Moral Contradictions

Friday, December 23, 2005

Target is not a temple

This week's Newsweek showed up in my mailbox yesterday, and I was struck by Anna Quindlen's article, "Frankincense in Aisle Five!". There are so many great quotes embedded, as the article expresses the sentiment I've had regarding Christmas and secularism.

...If God is watching us, as some believers suggest, as though we were a television show and God had a lot of free time, the deity would surely be bemused by how dumbed-down devotion has sometimes become in this so-called modern era. How might an omnipotent being with the long view of history respond to those who visit the traveling exhibit of a grilled-cheese sandwich, sold on eBay, that is said to bear the image of the Virgin Mary?....

...Or what about the statue in California currently said to be crying bloody tears?...Why worry about the alleged weeping of a plaster effigy when so many actual human beings have reason to cry?...

...It is hard for me to figure out how a snub by a home-improvement center can diminish Christmas one iota...

...O ye of little faith, who believe that somehow the birth of Christ is dependent upon acknowledgment in a circular from OfficeMax! According to the story, Jesus threw the money-changers out of the temple, saying that they'd made his father's house into a den of thieves. By any stretch of the imagination, does that person sound like someone who would hanker to be formally recognized at Sears and Walgreens, as though his legacy depended upon being given pride of place among redundant hand appliances and teddy bears in Santa hats?
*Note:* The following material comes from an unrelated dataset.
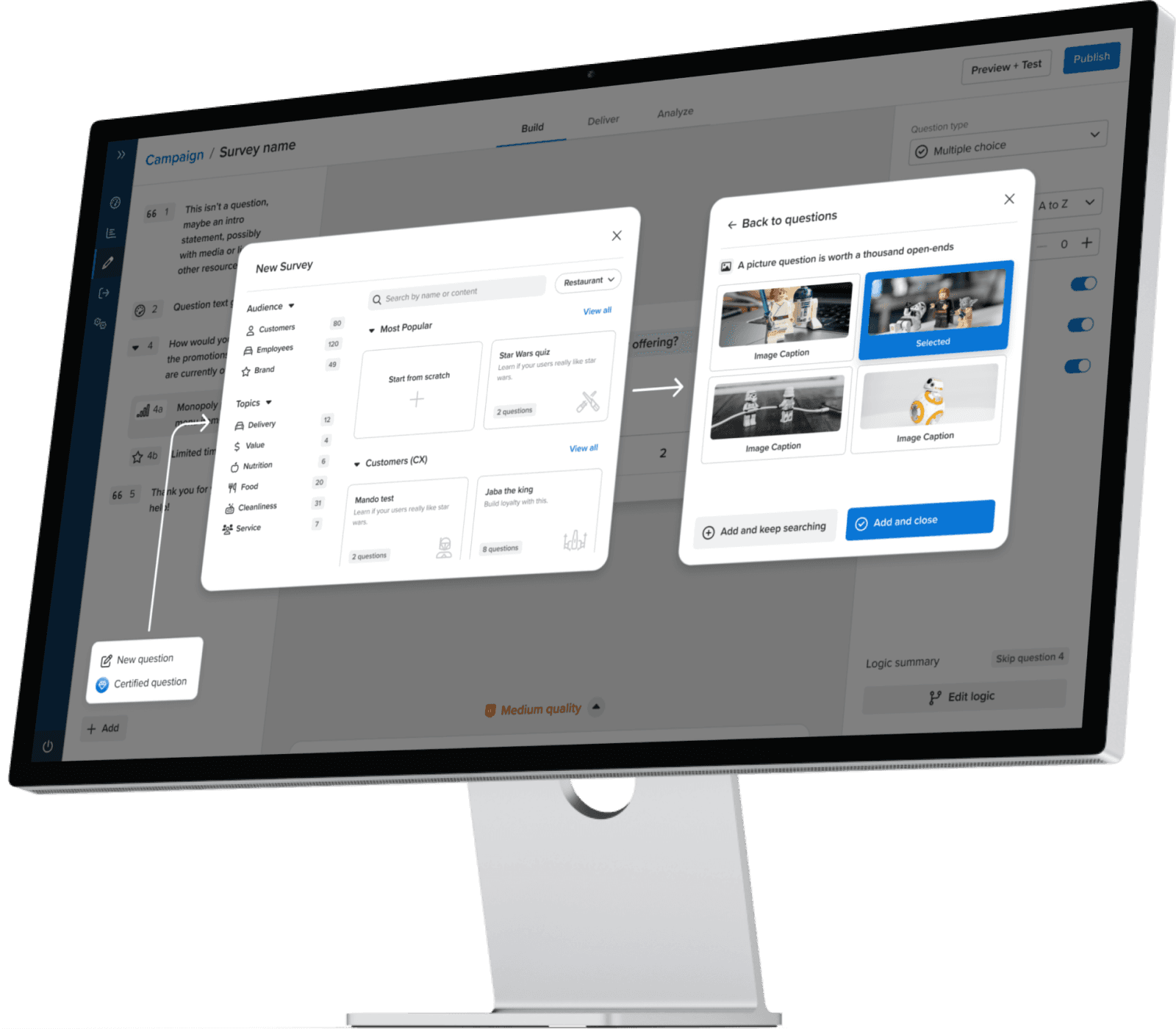 By adding carefully selected icons and clearing up the unique names, users selected the correct question type almost every time, and faster.

I'm not sure where I read this, but I fully agree with the notion that I don't need the secular world to endorse my faith. I'm more upset about the commercialiation of Christmas - by focusing on that issue along with getting its panties wadded up over whether or not the $5.15/hour 17 year old K-mart cashier wishes me a Merry Christmas instead of Happy Holidays, the Christian Right is sending confused signals to our society: "We don't want the stores hyping the holiday and focusing on the bottomline so much, yet we also want them to wish us a Merry Christmas!".
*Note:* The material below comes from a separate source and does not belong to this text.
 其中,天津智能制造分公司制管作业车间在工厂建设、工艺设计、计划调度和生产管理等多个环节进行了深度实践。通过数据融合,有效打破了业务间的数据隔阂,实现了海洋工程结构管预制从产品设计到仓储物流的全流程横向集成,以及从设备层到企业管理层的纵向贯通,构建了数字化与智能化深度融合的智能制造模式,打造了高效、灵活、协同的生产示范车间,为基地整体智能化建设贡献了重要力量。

Once again, the true issue is clouded by the knee-jerk issue, causing the boat to sink before it can pull out of the harbor.

I believe someone on this blog admonished me for focusing on others as opposed to working on myself to affect change. So, instead of getting all worked up whether or not the girl at Target wished me a Merry Christmas tonight (she did), here goes nothing:

Merry Christmas and a Happy New Year.